» WHAT YOU NEED TO DO
Copy exactly the lines of the material below that fall between the line with "Record of events: 13" and the line with "組圖:靚麗女郎街頭派發香蕉提倡素食文化(3)", both of those lines included; pictures stay out.

» MATERIAL FOR THIS EXERCISE
■ ■ ■ ■ ■ ■ ■
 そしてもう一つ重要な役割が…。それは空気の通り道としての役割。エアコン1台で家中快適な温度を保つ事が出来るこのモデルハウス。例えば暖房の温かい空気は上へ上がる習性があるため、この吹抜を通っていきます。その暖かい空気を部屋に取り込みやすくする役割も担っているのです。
■ ■ ■ ■ ■ ■ ■
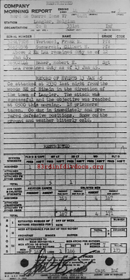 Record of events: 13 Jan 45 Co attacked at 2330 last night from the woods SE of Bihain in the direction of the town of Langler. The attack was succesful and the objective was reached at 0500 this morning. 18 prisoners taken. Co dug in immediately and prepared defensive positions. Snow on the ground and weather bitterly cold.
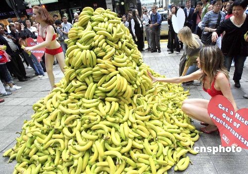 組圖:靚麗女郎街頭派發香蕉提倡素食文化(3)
■ ■ ■ ■ ■ ■ ■
» EXERCISE RESPONSE
 Record of events: 13 Jan 45 Co attacked at 2330 last night from the woods SE of Bihain in the direction of the town of Langler. The attack was succesful and the objective was reached at 0500 this morning. 18 prisoners taken. Co dug in immediately and prepared defensive positions. Snow on the ground and weather bitterly cold.
 組圖:靚麗女郎街頭派發香蕉提倡素食文化(3)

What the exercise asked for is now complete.